1 – Du monde
Il est si taiseux que c’en est éloquent
Il est si versatile qu’il se perd dans ses désirs
2 – Le réel
C’était son anniversaire, alors je l’ai appelée, comme chaque année. Elle m’a raconté sa sensation du vieillissement. Elle disait que chaque jour elle oubliait, que chaque matin au réveil l’image que lui renvoyait le miroir la surprenait, qu’elle s’était réveillée trentenaire et se voyait septuagénaire -sans comprendre – que chaque jour il lui fallait le même temps d’adaptation à ce nouveau Elle, chaque jour elle savait qu’il lui fallait se préparer à ce que le Elle du miroir continue d’évoluer pendant que le Elle du sommeil restait installé dans une vie où tous ses amis étaient vivants et en bonne santé, où ses jambes la portaient, légère et mobile, où elle dansait, chantait, courait, où sa mémoire était fidèle et précise, où le souvenir lui importait moins que le jour à vivre.
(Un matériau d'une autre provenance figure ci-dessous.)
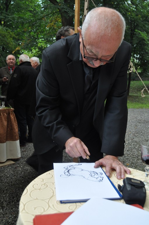 W trakcie wystawy dla zainteresowanych gości profesor Henryk Cześnik na pamiątkę, wykonywał małe podarunki w formie rysunku.
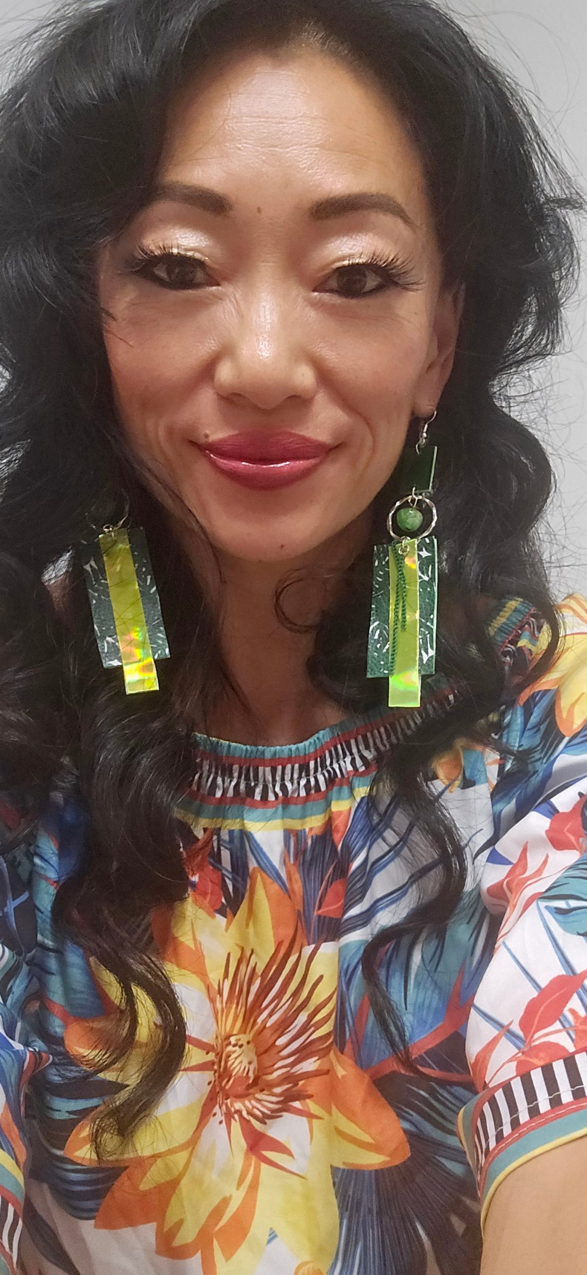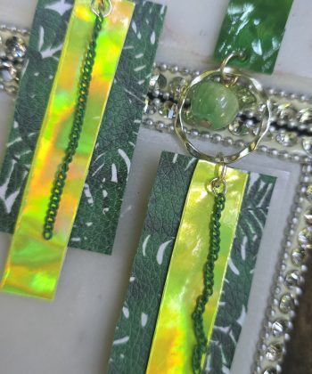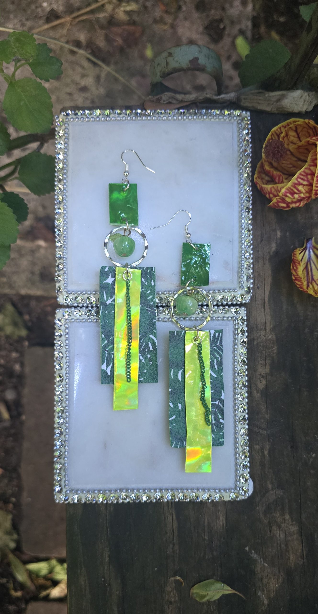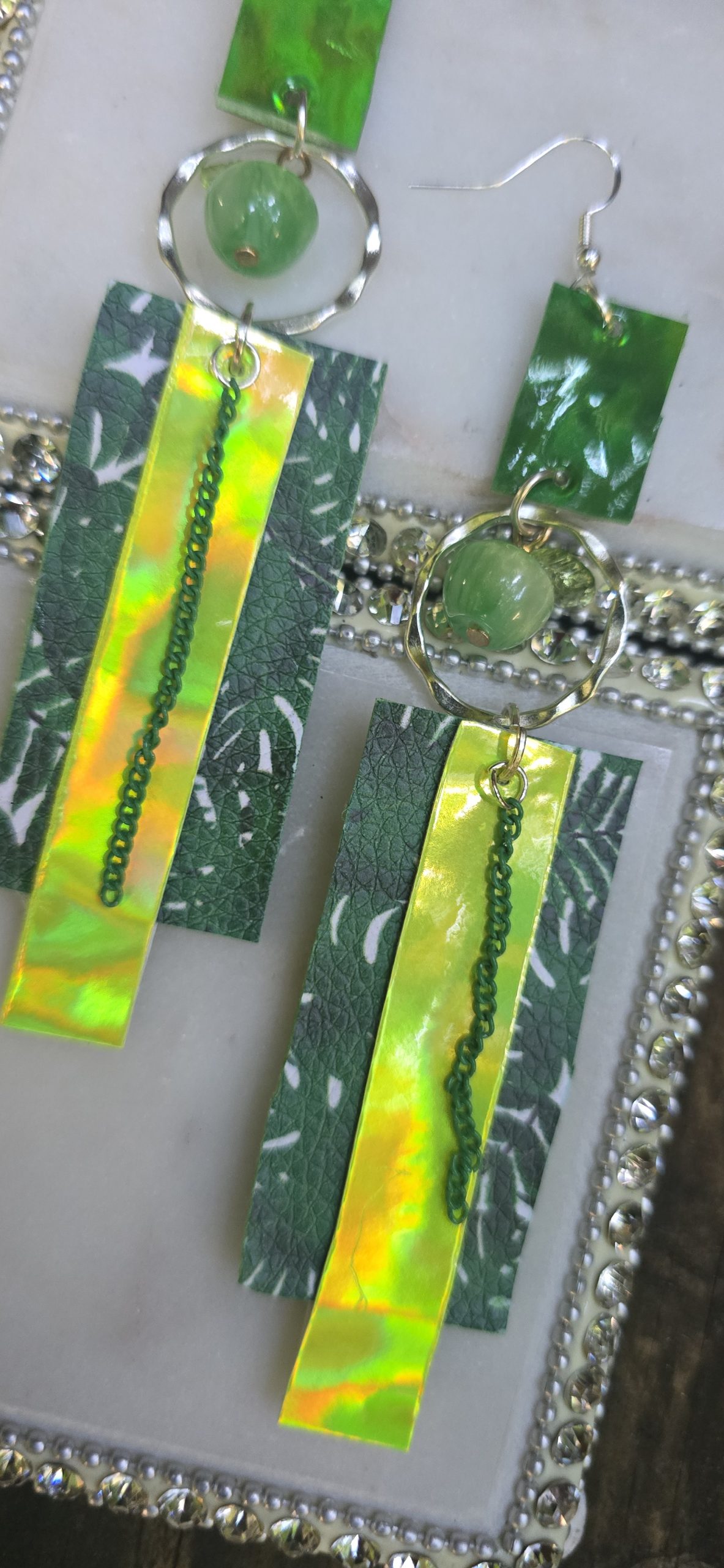 Be fabulous eith these vibrant freen and lime artful earrings. One of a kind, made to turn heads.

Elle disait aussi que ce Elle du miroir la regardait goguenard, voilà ce que tu es devenue ma belle, ce que tu es maintenant, et ça c’était vrai.
3 – Faire comme si
Tu faisais comme si cette montagne que tu convoitais, ce sommet qu’on disait inatteignable, était le tien, que tu l’atteindrais, toi, l’aguerri, l’expérimenté, tu faisais comme si c’était pour toi le couronnement d’une carrière au long cours, d’une succession d’efforts, de performances, de découvertes, de moments où tu avais partagé avec d’autres ce truc là que tu aimais, adorais même, tu faisais comme si tout le monde pouvait comprendre, comme si tous pourraient te suivre, s’enthousiasmer à ton image, tu faisais comme si cette montagne là serait toujours là pour toi, qu’elle n’attendait que ton exploit, tu faisais comme si tu ne savais pas, tu ne voulais pas savoir que tout avait changé, que la montagne ne tenait plus qu’à quelques fils invisibles qui allaient inévitablement se rompre, tu faisais comme si et tes pieds ont ce jour là rompu les derniers fils et la roche t’a entraîné, tout au fond.
4 – De soi-même
J’écrivais souvent en marchant… je vous l’accorde, ce n’est pas des plus commodes. Il fallait s’arrêter, sortir un carnet soigneusement prévu à proximité, ne pas avoir oublié le crayon. Quasi impossible. Ça coupe l’élan, ça oblige à des arrêts répétés, muscles qui se refroidissent et menacent courbatures pour le lendemain. S’il ne faisait pas très beau, on se mettait à sentir une fraîcheur inopportune, la transpiration jouant son rôle de climatiseur là où on ne lui avait rien demandé. Alors, je travaillais ma mémoire, je me donnais des trucs mnémotechniques, j’associais à des visions, des images même si ce n’est pas ce qui se grave le plus facilement dans un cerveau vieillissant.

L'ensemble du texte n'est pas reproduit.